(Beginning of Data excerpts)
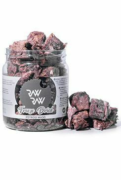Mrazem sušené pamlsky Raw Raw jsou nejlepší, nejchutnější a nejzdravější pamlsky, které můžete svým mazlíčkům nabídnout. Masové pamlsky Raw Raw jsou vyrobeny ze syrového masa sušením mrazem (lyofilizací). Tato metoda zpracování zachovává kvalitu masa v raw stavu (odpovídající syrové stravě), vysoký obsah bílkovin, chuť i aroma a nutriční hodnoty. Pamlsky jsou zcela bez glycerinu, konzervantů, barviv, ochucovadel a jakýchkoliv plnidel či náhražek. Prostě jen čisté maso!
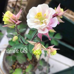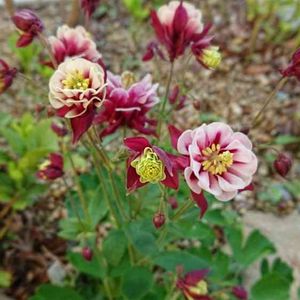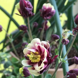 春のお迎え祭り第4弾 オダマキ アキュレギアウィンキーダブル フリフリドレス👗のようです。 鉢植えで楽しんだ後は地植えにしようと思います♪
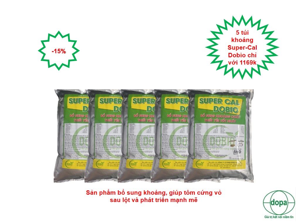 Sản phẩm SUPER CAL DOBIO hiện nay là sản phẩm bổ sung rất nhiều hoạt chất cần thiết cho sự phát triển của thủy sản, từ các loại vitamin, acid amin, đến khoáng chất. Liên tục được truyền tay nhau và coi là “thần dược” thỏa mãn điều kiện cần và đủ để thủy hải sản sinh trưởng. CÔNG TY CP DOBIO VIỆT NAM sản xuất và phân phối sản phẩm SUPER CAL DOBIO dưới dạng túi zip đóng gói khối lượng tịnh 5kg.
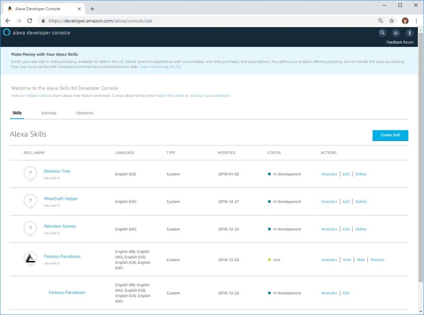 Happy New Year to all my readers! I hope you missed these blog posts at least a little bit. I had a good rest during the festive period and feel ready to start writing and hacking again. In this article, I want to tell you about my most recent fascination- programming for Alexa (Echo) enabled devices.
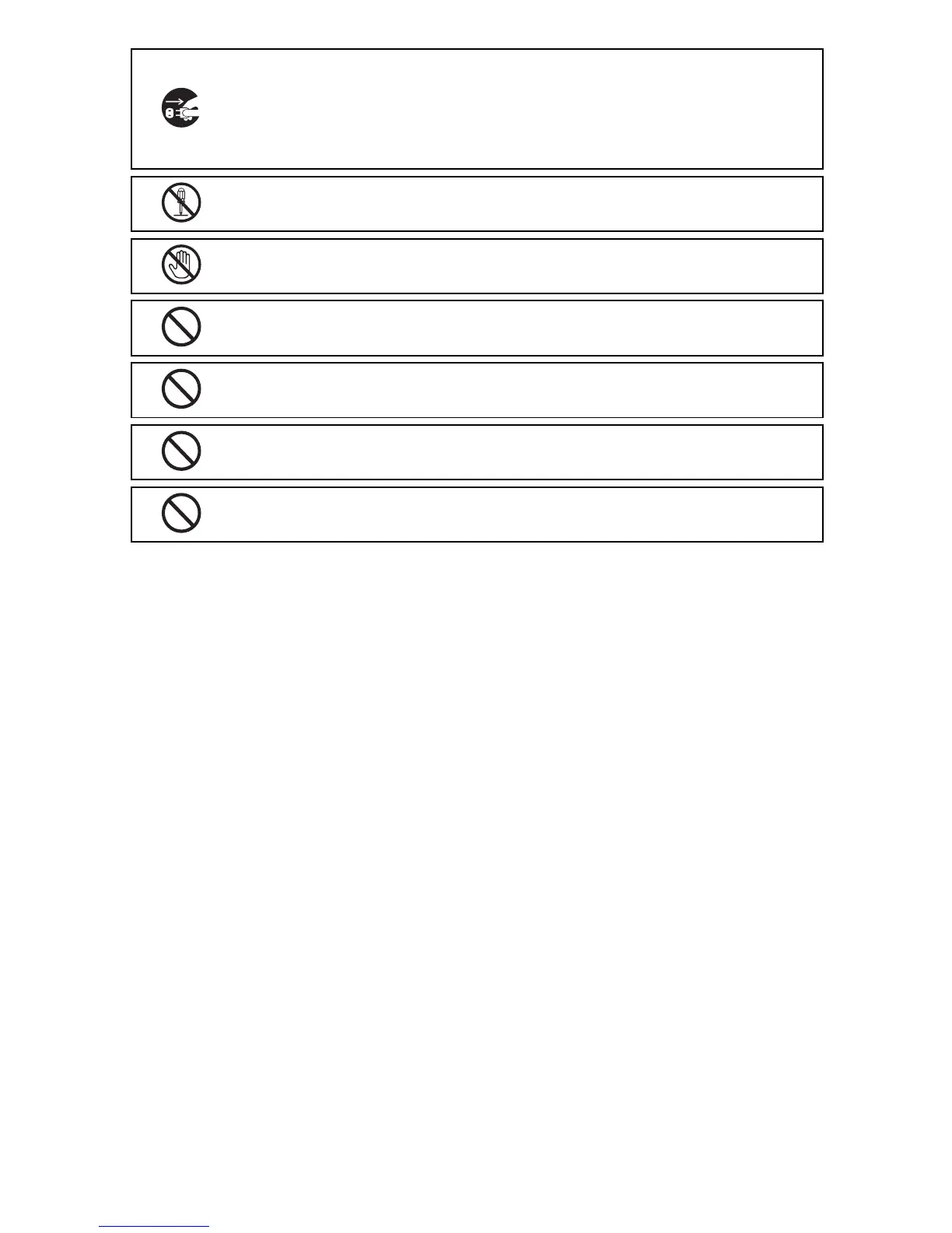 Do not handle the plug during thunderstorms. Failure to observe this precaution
(End of Data excerpts)
== Directions ==
Exact copies of the lines from the one containing "Sản phẩm SUPER CAL DOBIO hiện" through the end of the records above are required, with no pictures among them.

== Answer box ==
 Sản phẩm SUPER CAL DOBIO hiện nay là sản phẩm bổ sung rất nhiều hoạt chất cần thiết cho sự phát triển của thủy sản, từ các loại vitamin, acid amin, đến khoáng chất. Liên tục được truyền tay nhau và coi là “thần dược” thỏa mãn điều kiện cần và đủ để thủy hải sản sinh trưởng. CÔNG TY CP DOBIO VIỆT NAM sản xuất và phân phối sản phẩm SUPER CAL DOBIO dưới dạng túi zip đóng gói khối lượng tịnh 5kg.
 Happy New Year to all my readers! I hope you missed these blog posts at least a little bit. I had a good rest during the festive period and feel ready to start writing and hacking again. In this article, I want to tell you about my most recent fascination- programming for Alexa (Echo) enabled devices.
 Do not handle the plug during thunderstorms. Failure to observe this precaution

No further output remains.